Security

TeslaFi.com Security

At TeslaFi we take security very seriously and continue to look for opportunities to make improvements.

Below is a summary of how TeslaFi obtains and secures the data that it collects.

Hosting:

• TeslaFi uses Amazon’s AWS platform and infrastructure with two factor authentication for access.  https://aws.amazon.com/security/
• All data is stored in an encrypted RDS database that is not publicly accessible.  https://aws.amazon.com/rds/
• SSH Keys are required to access all servers and IP restrictions further limit access to only authorized developers.
• All servers are routinely scanned by Amazon Inspector to identify vulnerabilities or deviations from best practices.  https://aws.amazon.com/inspector/

Application Security:

• Application servers can be accessed only via HTTPS. We use industry standard encryption for data traversing to and from the application servers.  https://www.ssllabs.com/ssltest/analyze.html?d=teslafi.com&latest
• Cloudflare Web Application Firewall:  https://www.cloudflare.com/waf/
• Cloudflare Rate Limiting https://www.cloudflare.com/rate-limiting/
• Cloudflare DDOS https://www.cloudflare.com/ddos/
• XSS – All user inputs are properly encoded when displayed to ensure XSS vulnerabilities are avoided.
• CSRF – All POST requests are checked for CSRF token before processing the request.
• SQL Injection – Prepared statements are used for database access to avoid SQL Injection.
• Routine scans by detectify.com to test for vulnerabilities.  https://detectify.com/what-is-detectify
• Routine scans by pentest-tools.com to test for vulnerabilities.                     https://pentest-tools.com/website-vulnerability-scanning/website-scanner

Tesla API Token:

• Tesla.com username and passwords used to create a Tesla.com token are never saved or stored on TeslaFi.
• Full support for Tesla.com accounts with two factor authentication enabled.
• A user generated token can be used as an alternative to TeslaFi.com generating the Tesla.com token.
• Tesla API tokens are not displayed on TeslaFi.com by default.
• Controls and scheduling on TeslaFi.com are not enabled by default and cannot be enabled without generating or providing a new Tesla.com API token.
• Tesla API Tokens can be revoked at any time by changing your Tesla.com password.

TeslaFi.com Account:

• TOTP two factor authentication is available for all accounts and can be configured in settings->account->security.
• An email notification can be configured in settings->account->security to alert of all new logins.
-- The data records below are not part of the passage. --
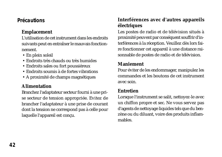 Ne placez jamais de récipient contenant du li-quide près de l'instrument. Si le liquide se ren-verse ou coule, il risque de provoquer des dom-mages, un court-circuit ou une électrocution.
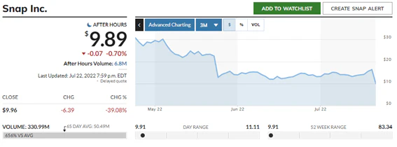 22日の米国市場は好決算となったアメリカン・エキスプレスが市場をけん引する形となっていたが、写真・動画共有アプリ「スナップチャット」の運営を行う米スナップの決算が市場予想を下回る形となり、暴落。
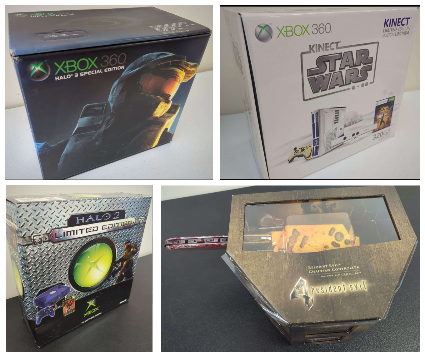 Sealed Limited Edition software bundles for XBOX and Play Station, Rare X-Box Limited Edition controllers including Halo, Gears of War, and Sea of Thieves. Ultra Rare Resident Evil chainsaw controllers for PS2 and Gamecube. So much more!
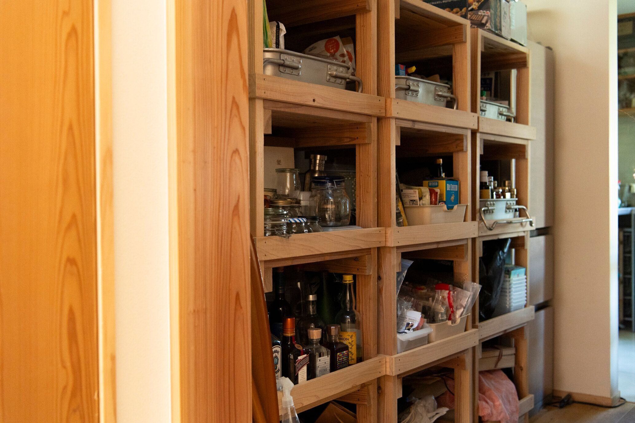 わが家には食器も大量にあるのでシンク上にも造作の食器棚がありますが、取り出しやすいこの食器棚にはよく使う食器たちが集まっています。旅先で出会ったものも多く、現地での思い出も詰まった大切なものばかりです。
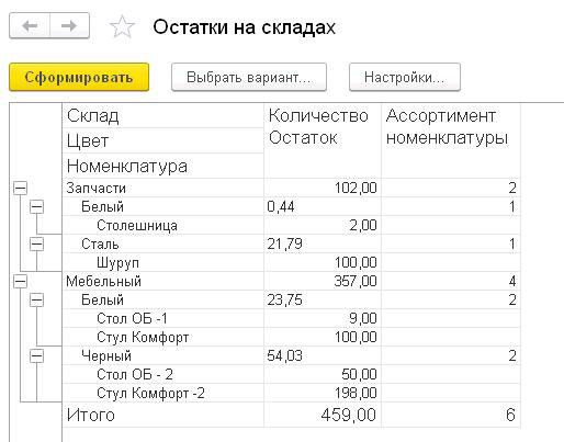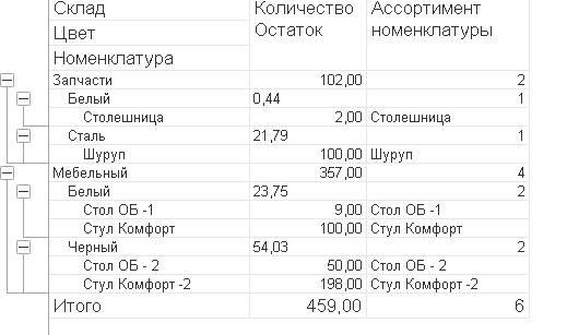 Если запустить отчет, то мы увидим, что все посчиталось верно. Но наименование номенклатуры дублировалось. Для того, что бы убрать наименование номенклатуры, нам потребуется изменить настройку вывода отчета на экран.

Credit Card Processing & Billing:

• All credit card processing and transactions are conducted within Chargebee.com.  Chargebee is a PCI-DSS Level 1 Service Provider.
• No payment information is stored or available to TeslaFi.com.
• Chargebee.com access is protected by two factor authentication.

We are working continuously to make our system secure. If you find any security issues, please submit it to [email protected].